Abstract Germline mutations in the breast cancer susceptibility gene (BRCA1) are heavily linked to familial breast and ovarian cancers. Women who inherit these mutations are ~60% more likely to develop the disease. During normal female development, critical windows of vulnerability correlate with the early onset of breast cancer. These events coincide with a buildup of DNA lesions in mammary tissue as reactive oxygen species are formed from the metabolic processing of estrogen. Damaged DNA, if left unrepaired, can perpetuate errors in the genome. Reduced expression levels of the BRCA1 protein or BRCA1 mutations, compounded with insufficient lesion repair, provide a tipping point toward cancer induction. At the molecular level, the intricate details of these mechanisms are poorly understood. In the nucleus, BRCA1 associates with its binding partner the BRCA1-Associated Ring Domain protein (BARD1) to help coordinate the repair of DNA modifications. The BRCA1-BARD1 heterodimer performs these operations by interacting with other repair proteins, such as BRCA2, at damaged sites on DNA. In this context, BRCA1 acts as a tumor suppressor to ensure fidelity in the genome. Inherited mutations in BRCA1 can cause functional deficiencies in the protein that affect its job in tumor suppression. Moreover, as decades of scientific research demonstrate BRCA1's multifaceted role in DNA repair, information about the physical properties of BRCA1 are just coming to light. Improving our knowledge of BRCA1's three-dimensional (3D) structure can provide new insights for therapeutic discovery. In the proposed research, we will use a unique combination of cryo-Electron Microscopy (EM) imaging technology and biochemical tools to study the differences in wild type and mutated BRCA1. Our preliminary data suggests that changes in mutated BRCA1 in response to oxidative damage leads to changes in a “modification hot spot” on the protein. We will test this idea across multiple breast cancer cells lines, then develop a new enzymatic approach to attenuate this effect in cancer cells. Our combined biochemical and structural biology strategies will provide a new lens to view the physical nuances of the BRCA1 structure for the first time. This information will shed light on BRCA1 deficiencies relate to cancer susceptibility.
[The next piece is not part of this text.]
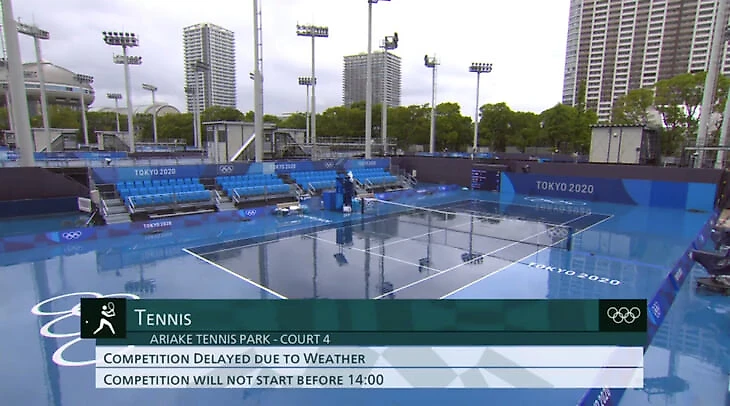 7:24. А на открытом корте матчи были отложены из-за погоды. Карацев ведет 3:2 и 40-0 на своей подаче в первом сете у Жереми Шарди из Франции, но придется подождать.

摘要 乳腺癌易感基因（BRCA 1）的生殖系突变与家族性乳腺癌密切相关， 卵巢癌遗传这些突变的女性患这种疾病的可能性约为60%。期间 女性发育正常，脆弱性的关键窗口与乳腺癌的早期发病相关。 这些事件与乳腺组织中DNA损伤的积累相一致，因为活性氧是 由雌激素的代谢过程形成。受损的DNA，如果不修复，可以使错误永久化， 基因组BRCA 1蛋白或BRCA 1突变的表达水平降低， 损伤修复不充分，提供了癌症诱导临界点。在分子水平上， 对这些机制的细节知之甚少。在细胞核中，BRCA 1与其结合伴侣结合 BRCA 1相关环域蛋白（BARD 1），帮助协调DNA修饰的修复。的 BRCA 1-BARD 1异源二聚体通过与其他修复蛋白相互作用来执行这些操作， BRCA 2，在DNA上的受损位点。在这种情况下，BRCA 1作为肿瘤抑制因子，以确保在肿瘤细胞中的保真度。 基因组BRCA 1的遗传突变会导致蛋白质的功能缺陷，从而影响其在以下方面的工作： 肿瘤抑制此外，数十年的科学研究表明，BRCA 1在 DNA修复、有关BRCA 1物理性质的信息刚刚曝光。改善我们 BRCA 1三维（3D）结构的知识可以为治疗发现提供新的见解。在 在拟议的研究中，我们将使用冷冻电子显微镜（EM）成像的独特组合， 技术和生物化学工具来研究野生型和突变型BRCA 1的差异。我们的初步 数据表明，突变的BRCA 1对氧化损伤的反应导致了 蛋白质上的“修饰热点”。我们将在多个乳腺癌细胞系中测试这个想法，然后 开发一种新的酶方法来减弱癌细胞中的这种效应。我们结合了生物化学和 结构生物学策略将提供一个新的透镜来观察BRCA 1结构的物理细微差别， 第一次这些信息将揭示与癌症易感性相关的BRCA 1缺陷。